Jimmy Santiago Baca
Born in 1952 in Santa Fe of Chicano and Apache descent, Jimmy Santiago Baca was abandoned by his parents and at 13 ran away from the orphanage where his grandmother had placed him. He was convicted on drug charges in 1973 and spent five years in prison. There he learned to read and began writing poetry. His semiautobiographical novel in verse, Martin and Meditations on the South Valley (1987), received the 1988 Before Columbus Foundation’s American Book Award in 1989. In addition to over a dozen books of poetry, he has published memoirs, essays, stories, and a screenplay, Bound by Honor (1993), which was made into a feature-length film directed by Taylor Hackford.
Baca’s work is concerned with social justice and revolves around the marginalized and disenfranchised, treating themes of addiction, community, and the American Southwest barrios. In a Callaloo interview with John Keene, Baca claims, “I approach language as if it will contain who I am as a person”—a statement that reflects the poet’s interest in the transformative and generative power of language. Immigrants in Our Own Land (1979, 1991) was Baca’s first significant collection, one based on his imprisonment. In the Encyclopedia of American Literature, Catherine Hardy wrote that the poems in the volume “reveal an honest, passionate voice and powerful imagery full of the dark jewels of the American Southwest landscape (llanos, mesas, and chiles) and the chaotic urban landscape (nightclubs, rusty motors, and bricks) woven into a rich lyricism sprinkled with Spanish.”
Baca’s other poetry titles include Healing Earthquakes (2001), C-Train & 13 Mexicans (2002), Winter Poems Along the Rio Grande (2004), and Spring Poems Along the Rio Grande (2007). In addition to the American Book Award, Baca has received a Pushcart Prize and the Hispanic Heritage Award for Literature. His memoir, A Place to Stand (2001), garnered the International Prize. In 2006, Baca was awarded the Cornelius P. Turner Award, which honors GED graduates who have made “outstanding contributions” in areas such as education, justice, and social welfare.

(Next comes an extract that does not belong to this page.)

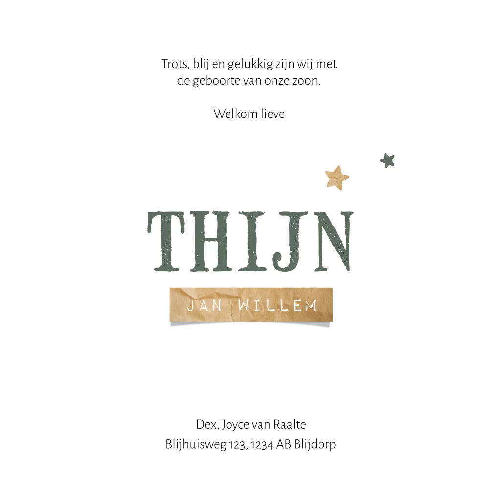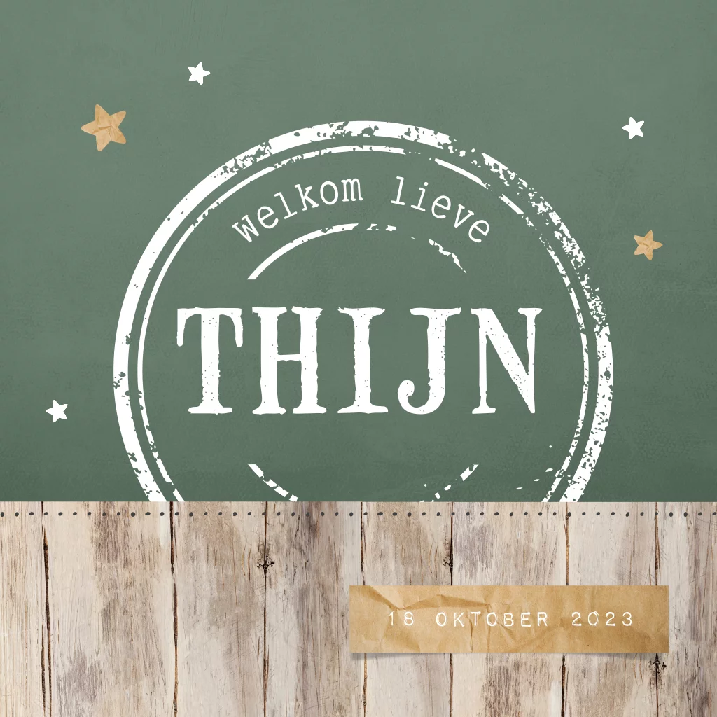 Stoer geboortekaartje voor een zoon. Dit jongenskaartje Thijn heeft een groene achtergrond met een stoere structuur en een grote stempel waarin de babynaam staat. Aan de onderrand hout en een afbeelding van een papieren label met de geboortedatum. De kleine sterretjes maken dit kaartje af. Teksten en kleuren zijn aan te passen in de editor.

Baca has conducted writing workshops in prisons, libraries, and universities across the country for more than 30 years. In 2004 he launched Cedar Tree, a literary nonprofit designed to provide writing workshops, training, and outreach programs for at-risk youth, prisoners and ex-prisoners, and disadvantaged communities. Baca holds a BA in English and an honorary PhD in literature from the University of New Mexico.